=== GOAL OF THE EXERCISE ===
All lines below between the line with "另外,就算泄露的分数很惊人,但真正有说服力的,是可复现的运行细节。" and the line with "4月20日,文化与旅游学院党", including both, must be copied exactly, and the pictures must be omitted.

=== EXCERPTED DATA ===

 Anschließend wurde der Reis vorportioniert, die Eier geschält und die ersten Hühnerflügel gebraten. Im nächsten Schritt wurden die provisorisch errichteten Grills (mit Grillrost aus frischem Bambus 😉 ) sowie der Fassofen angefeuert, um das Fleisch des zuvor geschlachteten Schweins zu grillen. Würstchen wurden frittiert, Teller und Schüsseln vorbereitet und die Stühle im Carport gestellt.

* * *

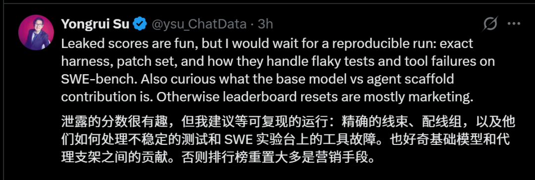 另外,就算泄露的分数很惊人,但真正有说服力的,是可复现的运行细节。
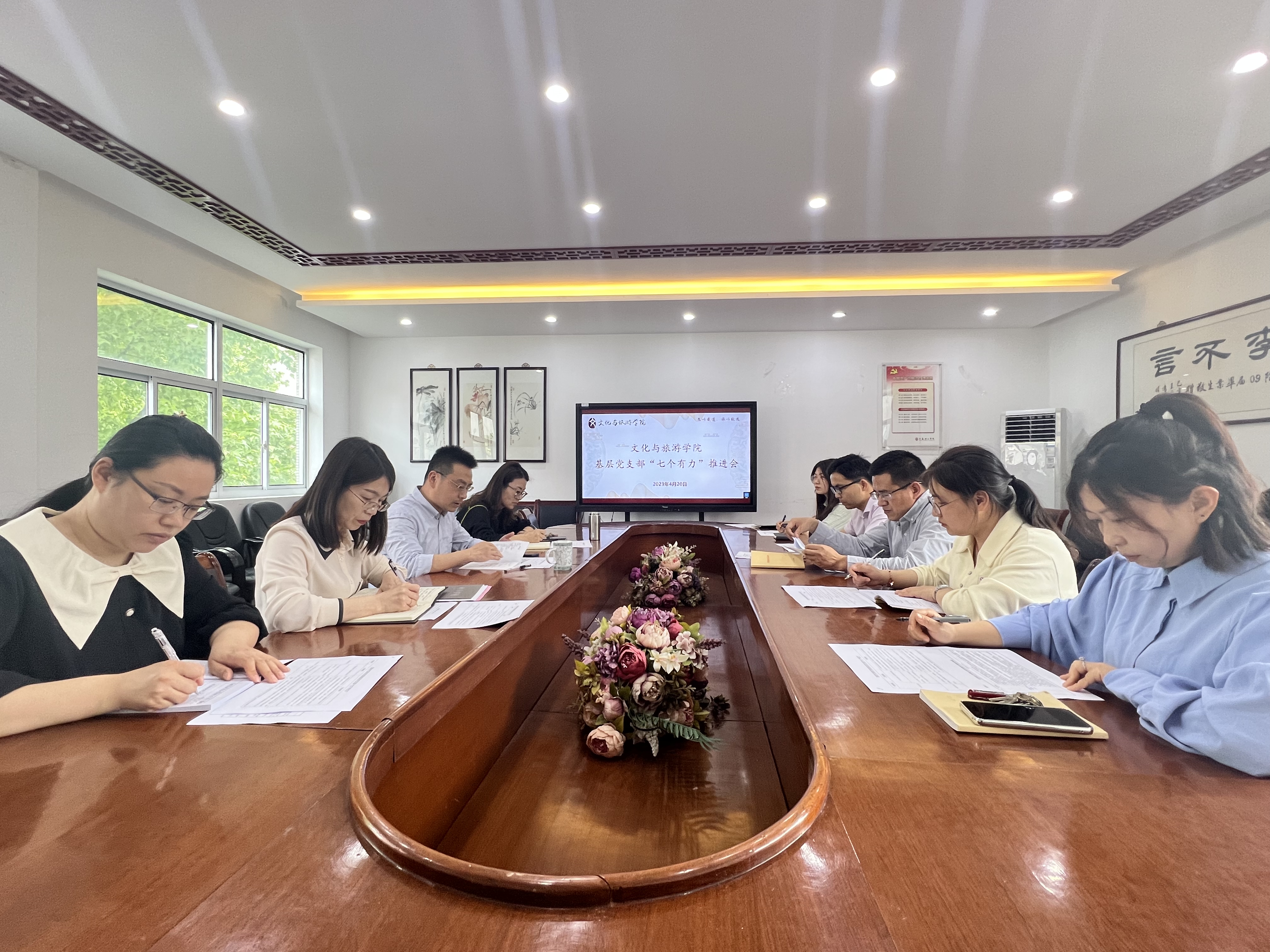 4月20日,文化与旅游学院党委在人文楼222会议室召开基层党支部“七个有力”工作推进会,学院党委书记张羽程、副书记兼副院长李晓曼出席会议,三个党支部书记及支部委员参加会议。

...

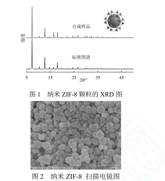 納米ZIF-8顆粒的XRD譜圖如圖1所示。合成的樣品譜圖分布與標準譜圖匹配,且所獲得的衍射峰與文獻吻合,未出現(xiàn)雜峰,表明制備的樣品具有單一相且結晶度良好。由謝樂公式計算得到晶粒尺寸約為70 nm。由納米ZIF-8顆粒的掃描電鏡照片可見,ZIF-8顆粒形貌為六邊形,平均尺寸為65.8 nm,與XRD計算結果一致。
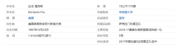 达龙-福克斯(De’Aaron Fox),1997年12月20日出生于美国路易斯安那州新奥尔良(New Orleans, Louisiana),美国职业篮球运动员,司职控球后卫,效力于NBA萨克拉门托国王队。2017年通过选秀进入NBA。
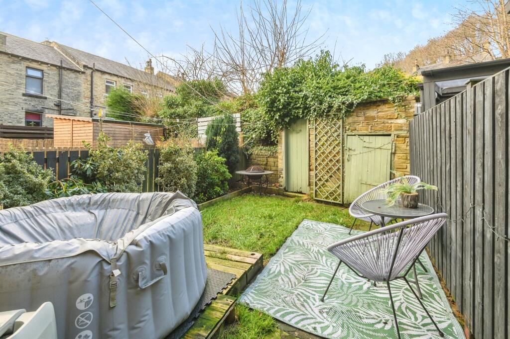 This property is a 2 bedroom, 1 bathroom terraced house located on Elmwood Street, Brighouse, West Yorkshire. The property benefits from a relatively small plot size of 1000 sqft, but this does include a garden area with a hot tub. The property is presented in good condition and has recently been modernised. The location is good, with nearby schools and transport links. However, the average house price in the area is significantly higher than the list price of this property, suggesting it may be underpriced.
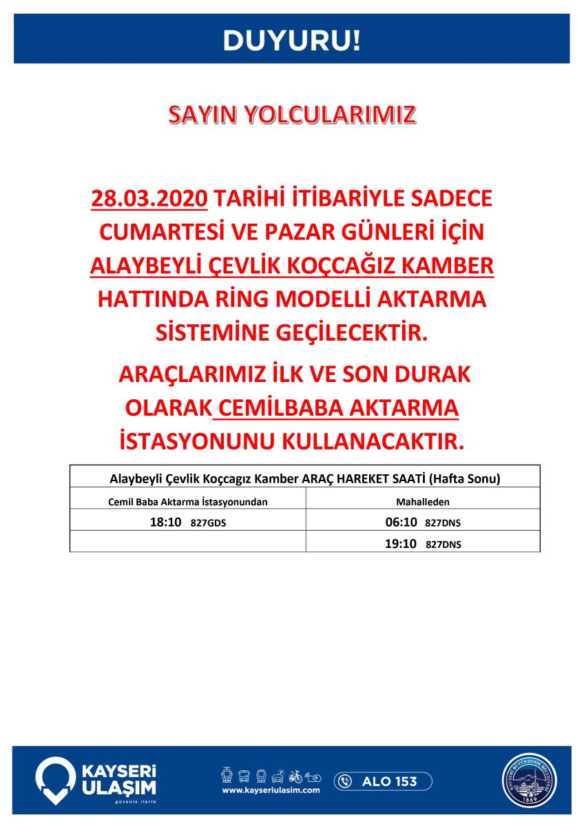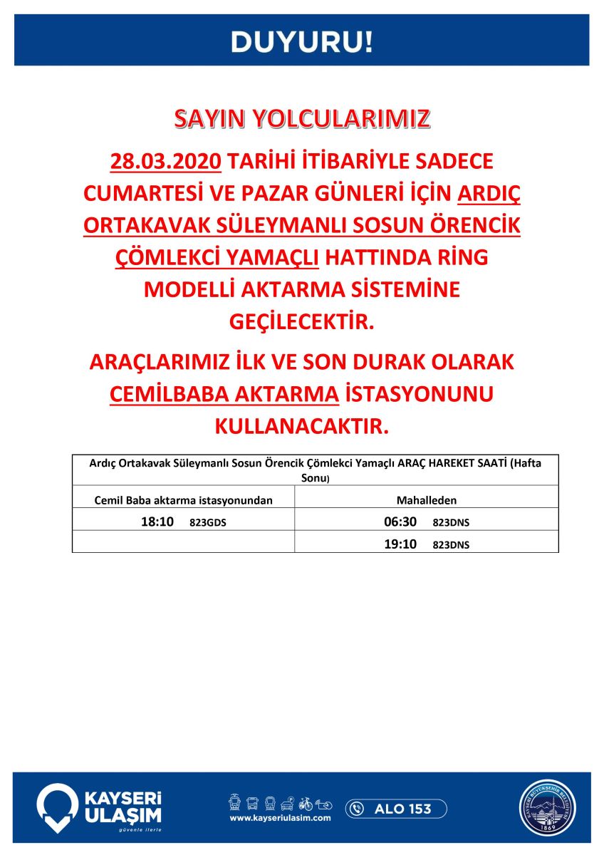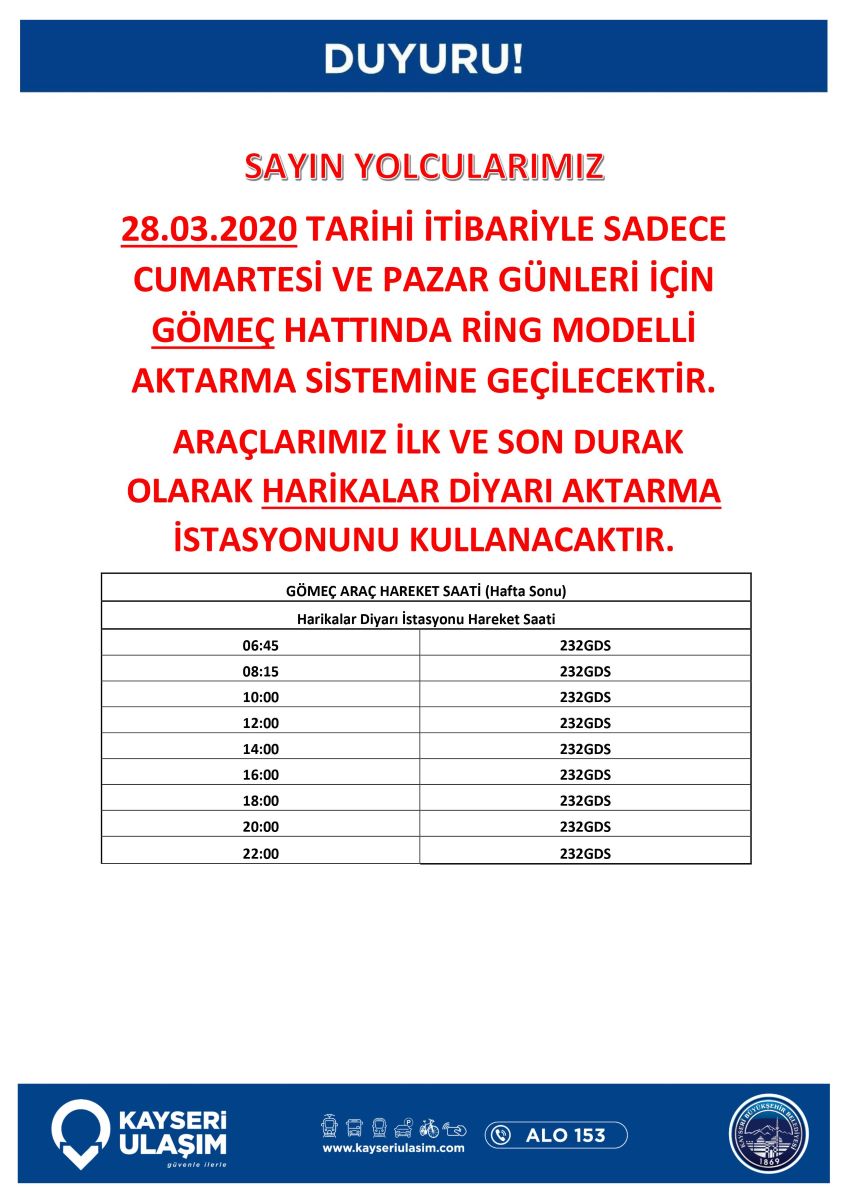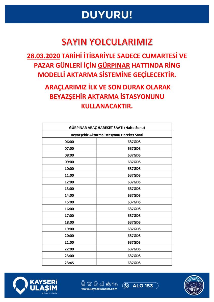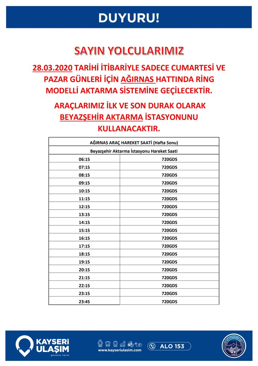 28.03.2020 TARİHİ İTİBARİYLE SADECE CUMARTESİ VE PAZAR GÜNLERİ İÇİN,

=== ANSWER BOX ===
 另外,就算泄露的分数很惊人,但真正有说服力的,是可复现的运行细节。
 4月20日,文化与旅游学院党委在人文楼222会议室召开基层党支部“七个有力”工作推进会,学院党委书记张羽程、副书记兼副院长李晓曼出席会议,三个党支部书记及支部委员参加会议。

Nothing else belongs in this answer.